Abstract
Introduction
The coronavirus disease-2019 (COVID-19) pandemic has substantially affected the delivery of healthcare globally. The purpose of this study was to evaluate the association of this era with the timeline of care in esophageal cancer patients.
Methods
We performed a retrospective chart-review of patients presenting to a single high-volume tertiary care center with the diagnosis of esophageal cancer.

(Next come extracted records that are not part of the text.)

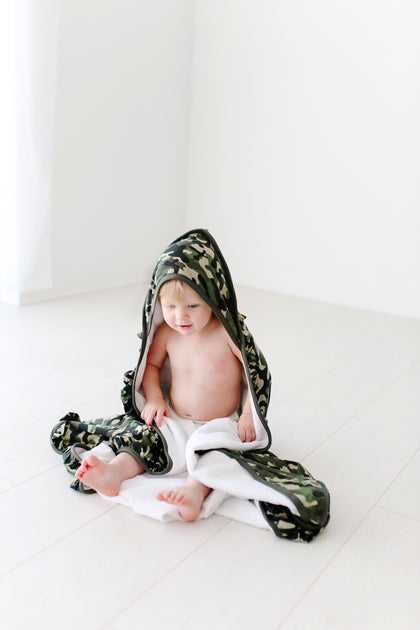 Posh Peanut Ruffled Hooded Towel | Cadet
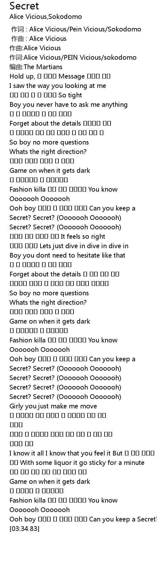 | [02:31.95] | Secret? Secret? Ooooooh Ooooooh |
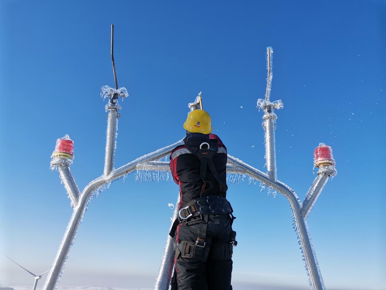 11月11日至12日,陽光透過薄薄的云層,照耀著白茫茫的大地,反射出銀色的光芒。風(fēng)機(jī)逐漸恢復(fù)運(yùn)行,在重力和風(fēng)機(jī)葉片旋轉(zhuǎn)的作用下,裹冰會(huì)從葉片上脫落,由于受旋轉(zhuǎn)葉片的離心力作用,這些冰在沒有障礙物遮擋的情況下會(huì)被拋出數(shù)百米遠(yuǎn),存在安全隱患。風(fēng)電場隨即組織人員挨家挨戶告訴村民,近期不得靠近風(fēng)機(jī),注意人身安全。之后開展機(jī)組風(fēng)速儀、風(fēng)向標(biāo)除冰工作,全面降低機(jī)組不可用時(shí)間,保障機(jī)組供電穩(wěn)定可靠。本次除冰消缺充分利用上海電氣風(fēng)機(jī)監(jiān)控系統(tǒng)后臺(tái),通過對(duì)比機(jī)組風(fēng)速和風(fēng)向、功率等數(shù)據(jù),分析判斷機(jī)組覆冰情況,對(duì)因雨雪冰凍天氣導(dǎo)致的風(fēng)速儀、風(fēng)向標(biāo)覆冰從而影響機(jī)組功率的問題,及時(shí)派出“破冰突擊隊(duì)”。但是機(jī)艙頂部由于積雪、結(jié)冰,變得十分光滑。工作人員佩戴好安全帶,掛好雙鉤,迎難而上,勇敢破冰。同時(shí)也對(duì)加熱器、溫度傳感器及相關(guān)回路進(jìn)行細(xì)致檢查,對(duì)無法正常運(yùn)行的加熱器進(jìn)行及時(shí)更換,確保設(shè)備加熱良好,回路接線無松動(dòng),風(fēng)速儀、風(fēng)向標(biāo)工作正常。

COVID era was defined as March 2020-December 2020 and compared with the year before (3/2019-12/2019).
Results
In total, 117 patients presented in the COVID-era versus 190 in pre-COVID. Stage 3 + 4 disease was found in 77.8% of the patients in the COVID-era compared to 68.9% in the pre-COVID era (P = 0.34). Diagnoses through emergency department admission were 35.5% in the COVID versus 26.7% in the pre-COVID group (P = 0.15). In the COVID era it took a median of 78 d to visit primary care provider (versus 52 d, P = 0.12 in pre-COVID), 45 d to endoscopy (versus 18 d, P = 0.004) and 38 d to treatment initiation (versus 36 d, P = 0.48). Thirty-five percent of the patients underwent esophagectomy compared to 26% in the pre-COVID-era. Median days of intensive-care-unit (ICU) (2 versus 3, P = 0.16) and hospital stay (14 versus 15, P = 0.28) were similar in both groups as well as postoperative 30-day morbidities (63 versus 63%, P = 0.48). One-year follow-up showed 83.7% (95% confidence interval [CI]: 73.8%-90.1%) survival in the COVID-group compared to 76.4% (95% CI: 66.9%-83.5%) in the pre-COVID-group (P = 0.58). Only three patients had a positive COVID result.
Conclusions
Our institution treated fewer esophageal cancer patients during COVID-19 accompanied by a delay in endoscopic diagnosis. Postoperative outcomes and 1-year survival remained similar.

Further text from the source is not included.